Run UNSW CSE commands from your local machine — fast, reliable, interactive.

PyPI version Python 3.10+ MIT License SSH ControlMaster rsync

English | 简体中文

Features · Comparison · Quick Start · Compliance

cselab REPL — interactive mode demo


Why cselab?

UNSW CSE students must run autotest, give, and other course commands on the CSE server (cse.unsw.edu.au). The typical workflow is:

  1. SSH into CSE server
  2. Edit code there (or manually copy files back and forth)
  3. Run the command
  4. Repeat

This is painful. You lose your local editor, extensions, and tools. Or you waste time copying files manually.

cselab lets you write code locally and run CSE commands as if you were on the server. One command syncs your files and executes remotely — your local VS Code / Vim stays untouched.

How It Works

Local Machine (your laptop)              CSE Server
┌─────────────────────────┐              ┌──────────────────────┐
│                         │   1. SSH     │                      │
│  ~/COMP1521/lab01/      │──────────────│  ControlMaster       │
│    hello.c              │  (once)      │  (persistent conn)   │
│    Makefile             │              │                      │
│                         │   2. rsync   │  ~/.cselab/          │
│                         │──────────────│    workspaces/       │
│                         │  (delta)     │      lab01-a3f2/     │
│                         │              │        hello.c       │
│                         │   3. ssh     │        Makefile      │
│                         │──────────────│                      │
│                         │  (exec)      │  $ 1521 autotest     │
│                         │              │                      │
│  Terminal:              │   4. output  │                      │
│  ✅ All tests passed    │◄─────────────│                      │
│                         │  (stream)    │                      │
└─────────────────────────┘              └──────────────────────┘

Step-by-step flow

When you run cselab run "1521 autotest":

  1. Connect — Establishes an SSH ControlMaster connection (reused across all subsequent commands, password entered only once)
  2. Syncrsync uploads your local directory to the server, using delta compression (only changed bytes are transferred)
  3. Execute — Runs your command on the server in the synced directory, with full interactive terminal support
  4. Stream — Output streams back to your terminal in real-time, exit code is preserved

Subsequent runs reuse the SSH connection (0ms reconnect) and rsync only transfers changes (sub-second for typical edits).

Installation

Requirements: Python 3.10+, rsync, ssh (pre-installed on macOS and most Linux)

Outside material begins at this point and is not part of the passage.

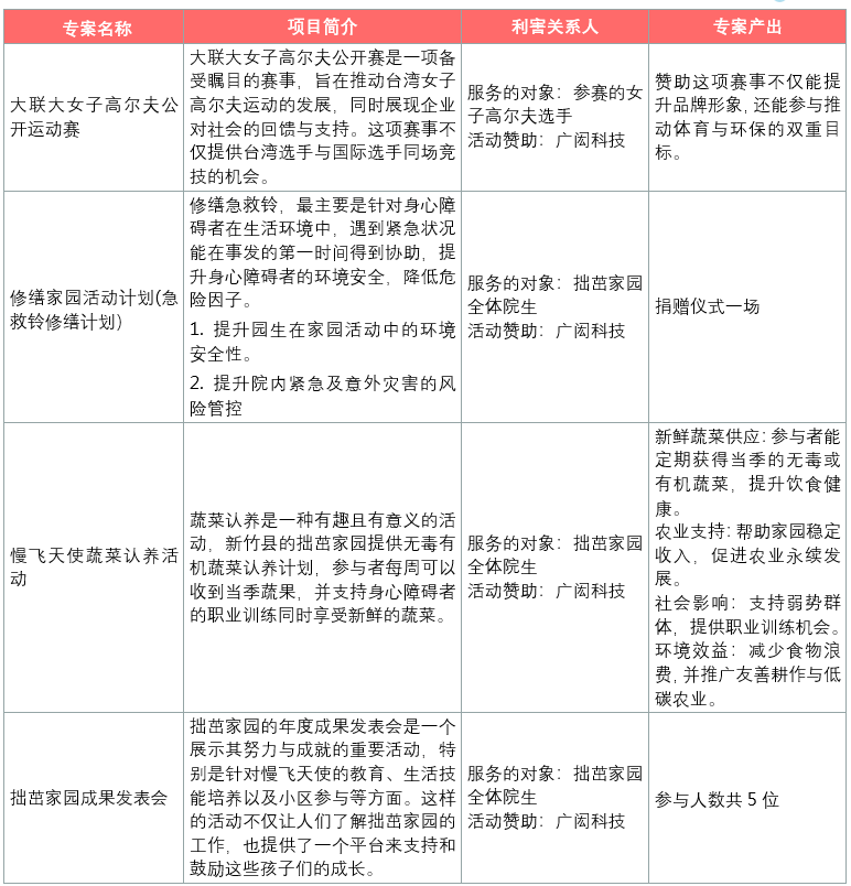 广闳科技秉持着 「取之于社会,用之于社会」理念,在追求公司营运成长的同时,不忘对社会贡献一份心力,秉持着尊重生命、关怀弱势的精神,散播爱的种子来回馈社会,透过捐款及资源的传递,表达对弱势者之关怀;亦投入资源降低环境冲击、宣导环保意识,以善尽环境责任。不定期参与社会服务工作,提升社会参与、贡献与服务,积极对外参与社会急难救助及社会回馈。

One-line install (recommended):

curl -sSL https://raw.githubusercontent.com/Genius-Cai/cselab/master/install.sh | bash

Or via pip:

pip install cselab

Or clone and install locally:

git clone https://github.com/Genius-Cai/cselab.git
cd cselab
pip install .

Quick Start

# 1. One-time setup
cselab init
# Enter your zID and password when prompted

# 2. Go to your assignment directory
cd ~/COMP1521/lab01

# 3. Run any CSE command
cselab run "1521 autotest"

That's it. Your local files are synced and the command runs on CSE.

Interactive Mode

Just type cselab with no arguments to enter the REPL:

$ cd ~/COMP1521/lab01
$ cselab

  cselab v0.2.0
  z5502277@cse.unsw.edu.au

  Type any CSE command. Ctrl+C to exit.

  Connecting... OK

⚡ 1521 autotest collatz
[sync] OK (0.1s)
5 tests passed 0 tests failed

⚡ give cs1521 lab01 collatz.c
[sync] OK (0.1s)
Submission received.

⚡ exit

Same commands as the CSE server — zero learning curve.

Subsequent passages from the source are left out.